* _The data_
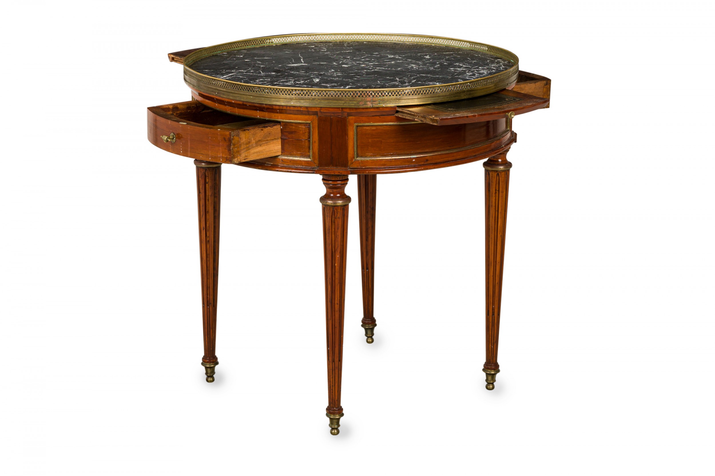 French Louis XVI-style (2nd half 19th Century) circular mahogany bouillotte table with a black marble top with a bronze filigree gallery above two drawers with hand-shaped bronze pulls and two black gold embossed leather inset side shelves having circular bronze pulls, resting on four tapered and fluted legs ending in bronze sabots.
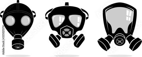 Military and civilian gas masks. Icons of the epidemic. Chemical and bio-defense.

...

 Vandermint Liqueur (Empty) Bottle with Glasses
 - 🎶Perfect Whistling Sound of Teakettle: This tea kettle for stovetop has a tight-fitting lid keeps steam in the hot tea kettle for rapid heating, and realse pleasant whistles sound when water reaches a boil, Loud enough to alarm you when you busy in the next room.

* _Task to carry out_
Your task is to restate, word for word, only those lines above that fall between the line holding "Vandermint Liqueur (Empty)" and the line holding "- 🎶Perfect Whistling", inclusive.

* _Your solution_
 Vandermint Liqueur (Empty) Bottle with Glasses
 - 🎶Perfect Whistling Sound of Teakettle: This tea kettle for stovetop has a tight-fitting lid keeps steam in the hot tea kettle for rapid heating, and realse pleasant whistles sound when water reaches a boil, Loud enough to alarm you when you busy in the next room.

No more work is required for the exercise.